Stored data

=== Section Start ===

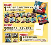 なおコラボカフェではフード・ドリンクを1品注文するごとに、特典コースターをランダムで1枚プレゼント。さらに1000円購入するごとに1つスタンプが押され、5つ集めた人には特典ポスターが進呈される。そのほか来店者全員に、ランチとディナーで異なるイラストの紙製ランチョンマットが1枚配布される。
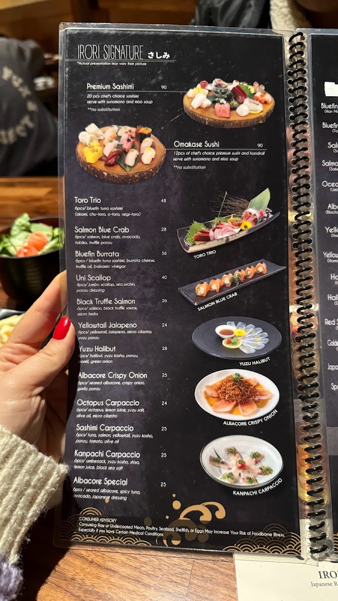Dining at Irori Sushi is more than a meal; it’s a sensory journey. The intimate setting, with traditional floor seating and shoes off custom, grounds you in a peaceful vibe that complements the impeccable sushi craftsmanship.
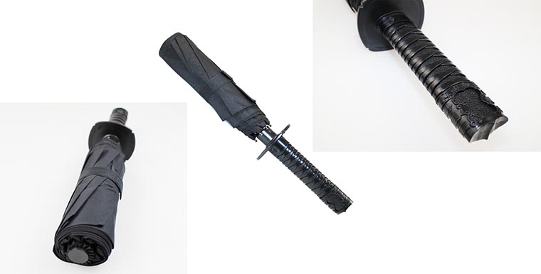 Миниатюрный оригинальный зонт с ручкой, стилизованной под холодное оружие. Он очень лёгкий и не занимает много места.
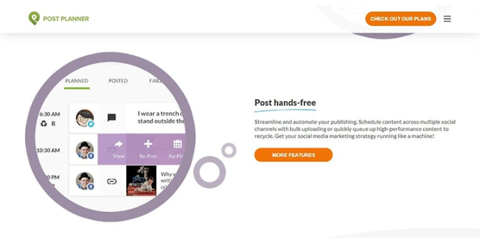 Postplanner is the advnced social media automation tool online for growing businesses on multiple social networks. This tool works on an automated scheduler configured to post curated marketing content on blogs for promoting the brand. Post Planner allows instant upload of data from spreadsheets onto the live site. This innovative tool can handle all your requests, like the time and day the users want their posts to go live on social media for increasing the followers.
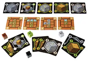 - Wild: A "Wild" card may be used as any one type of resource (e.g. if a player has three diamonds, but not enough wood to "craft" a diamond pickaxe, the player may use a wild card to substitute for the missing wood).
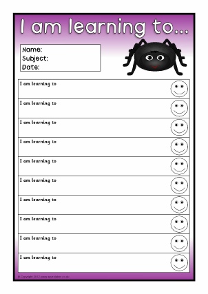 Editable target sheets (for Microsoft Word) with the text ‘I am learning to...’, ‘My next goal is...’ and ‘I can...’. Each sheet has space for 10 targets.
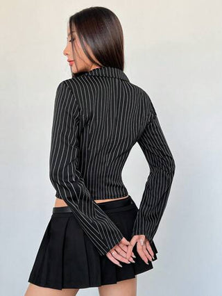 Flirla بدلة نسائية بياقة عسكرية بنمط ضيق وطويل الأكمام بخطوط سوداء وبيضاء، بقصة كاجوال عصرية
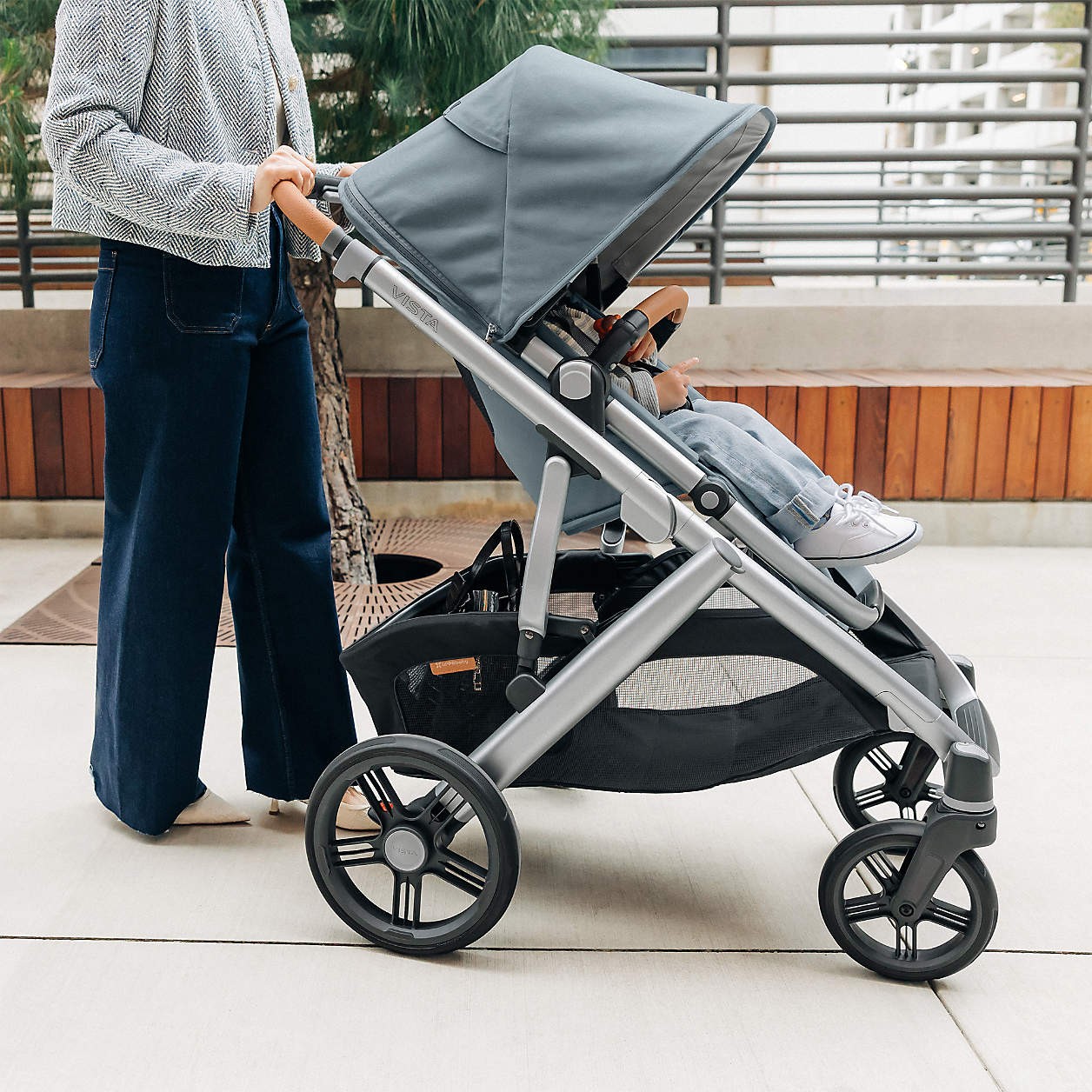 As your family grows, this game-changing stroller does too. The Vista starts out as a single ride, usable from birth with the addition of an UPPAbaby® bassinet or car seat (sold separately; no adapter needed). As your child gets older and maybe even welcomes new siblings, the stroller can be reconfigured in more than 30 ways and can accommodate up to 3 kids (with additional accessories). In every iteration, the Vista delivers a smooth and comfy ride, thanks to never-flat tires, an adjustable footrest, multi-position recline, an extendable UPF 50+ canopy and mesh panels for ventilation. The leather trim and stylish jacquard fabric are durable and have timeless appeal, too.
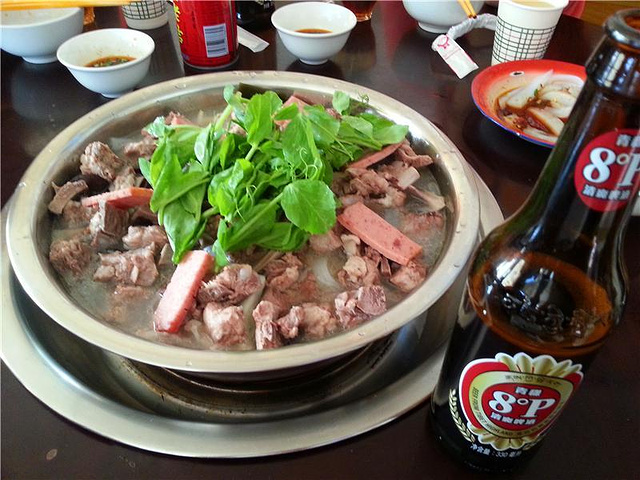 认熟不认生,还他家,要了个大的骨头汤锅,点几样配菜,青稞啤酒吹上~
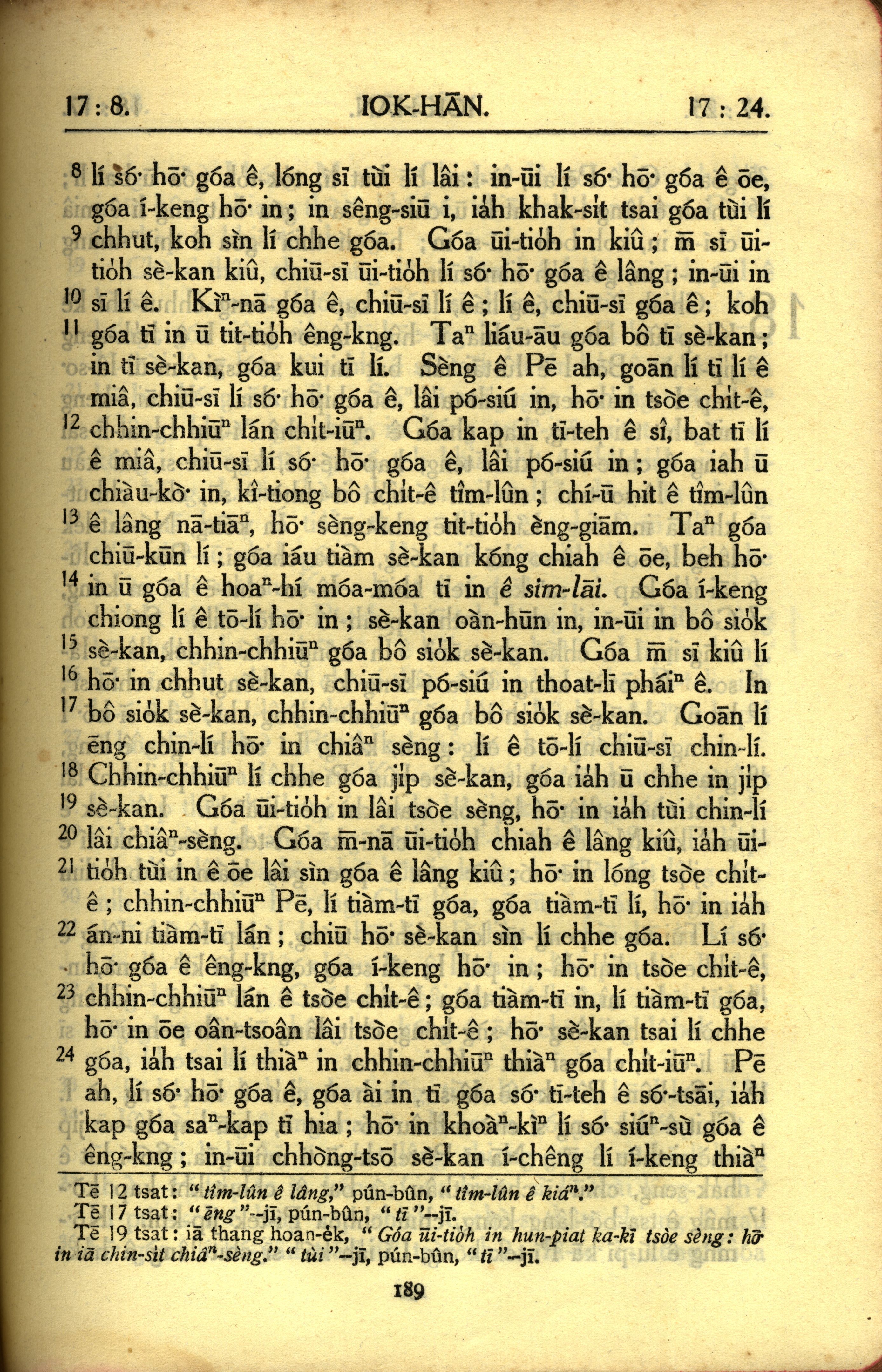 1950年教罗新约全书 约翰福音 17 章 8 节到 17 章 24 节
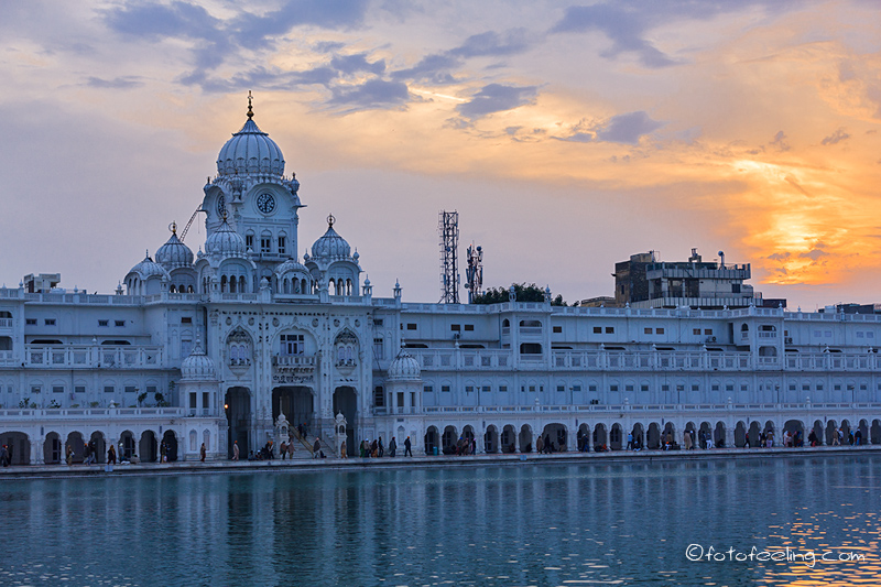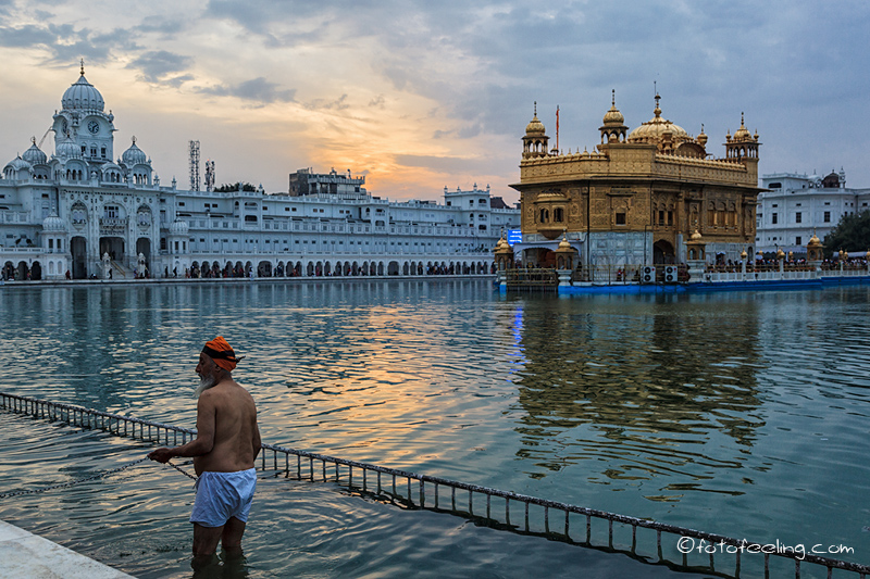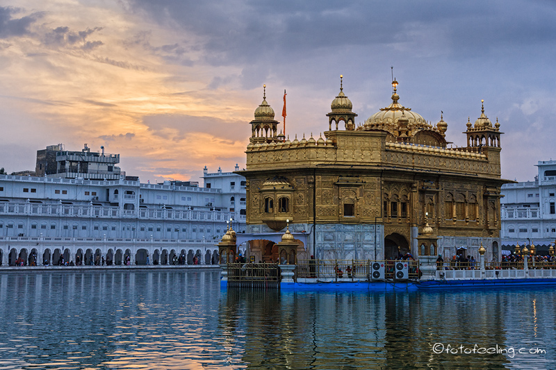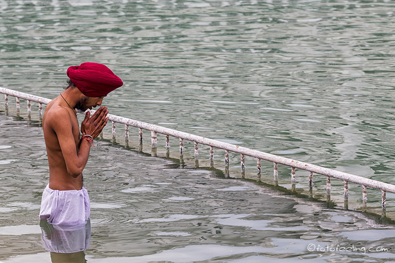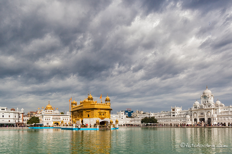 Am und im Wasser beteten Menschen. Es war richtig viel los an diesem Morgen. Die Wolken hingen dramatisch über dem Tempelgelände, doch ab und zu blitzte mal die Sonne durch. In solch einem Moment erstrahlte das Gold des Tempels wunderschön im Licht, so dass man die Augen kaum abwenden konnte. Trotz der vielen Menschen strahlte dieser Ort eine ganz besondere Atmosphäre aus und so wunderte es uns nicht, dass dieser Sikh Tempel mehr indische Besucher anzieht als das Taj Mahal.
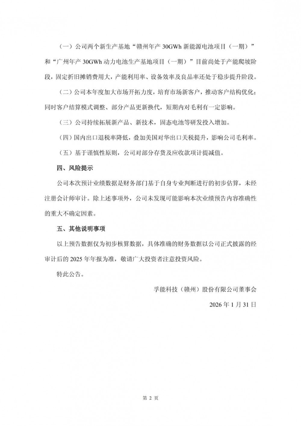(一)公司两个新生产基地“赣州年产30GWh新能源电池项目(一期)”和“广州年产30GWh动力电池生产基地项目(一期)”目前尚处于产能爬坡阶段,固定折旧摊销费用大,产能利用率、设备效率及良品率还处于稳步提升阶段。

=== Section End ===

Output all the records above again exactly, with the pictures dropped.

▸ **Response to this exercise**
 なおコラボカフェではフード・ドリンクを1品注文するごとに、特典コースターをランダムで1枚プレゼント。さらに1000円購入するごとに1つスタンプが押され、5つ集めた人には特典ポスターが進呈される。そのほか来店者全員に、ランチとディナーで異なるイラストの紙製ランチョンマットが1枚配布される。
Dining at Irori Sushi is more than a meal; it’s a sensory journey. The intimate setting, with traditional floor seating and shoes off custom, grounds you in a peaceful vibe that complements the impeccable sushi craftsmanship.
 Миниатюрный оригинальный зонт с ручкой, стилизованной под холодное оружие. Он очень лёгкий и не занимает много места.
 Postplanner is the advnced social media automation tool online for growing businesses on multiple social networks. This tool works on an automated scheduler configured to post curated marketing content on blogs for promoting the brand. Post Planner allows instant upload of data from spreadsheets onto the live site. This innovative tool can handle all your requests, like the time and day the users want their posts to go live on social media for increasing the followers.
 - Wild: A "Wild" card may be used as any one type of resource (e.g. if a player has three diamonds, but not enough wood to "craft" a diamond pickaxe, the player may use a wild card to substitute for the missing wood).
 Editable target sheets (for Microsoft Word) with the text ‘I am learning to...’, ‘My next goal is...’ and ‘I can...’. Each sheet has space for 10 targets.
 Flirla بدلة نسائية بياقة عسكرية بنمط ضيق وطويل الأكمام بخطوط سوداء وبيضاء، بقصة كاجوال عصرية
 As your family grows, this game-changing stroller does too. The Vista starts out as a single ride, usable from birth with the addition of an UPPAbaby® bassinet or car seat (sold separately; no adapter needed). As your child gets older and maybe even welcomes new siblings, the stroller can be reconfigured in more than 30 ways and can accommodate up to 3 kids (with additional accessories). In every iteration, the Vista delivers a smooth and comfy ride, thanks to never-flat tires, an adjustable footrest, multi-position recline, an extendable UPF 50+ canopy and mesh panels for ventilation. The leather trim and stylish jacquard fabric are durable and have timeless appeal, too.
 认熟不认生,还他家,要了个大的骨头汤锅,点几样配菜,青稞啤酒吹上~
 1950年教罗新约全书 约翰福音 17 章 8 节到 17 章 24 节
 Am und im Wasser beteten Menschen. Es war richtig viel los an diesem Morgen. Die Wolken hingen dramatisch über dem Tempelgelände, doch ab und zu blitzte mal die Sonne durch. In solch einem Moment erstrahlte das Gold des Tempels wunderschön im Licht, so dass man die Augen kaum abwenden konnte. Trotz der vielen Menschen strahlte dieser Ort eine ganz besondere Atmosphäre aus und so wunderte es uns nicht, dass dieser Sikh Tempel mehr indische Besucher anzieht als das Taj Mahal.
(一)公司两个新生产基地“赣州年产30GWh新能源电池项目(一期)”和“广州年产30GWh动力电池生产基地项目(一期)”目前尚处于产能爬坡阶段,固定折旧摊销费用大,产能利用率、设备效率及良品率还处于稳步提升阶段。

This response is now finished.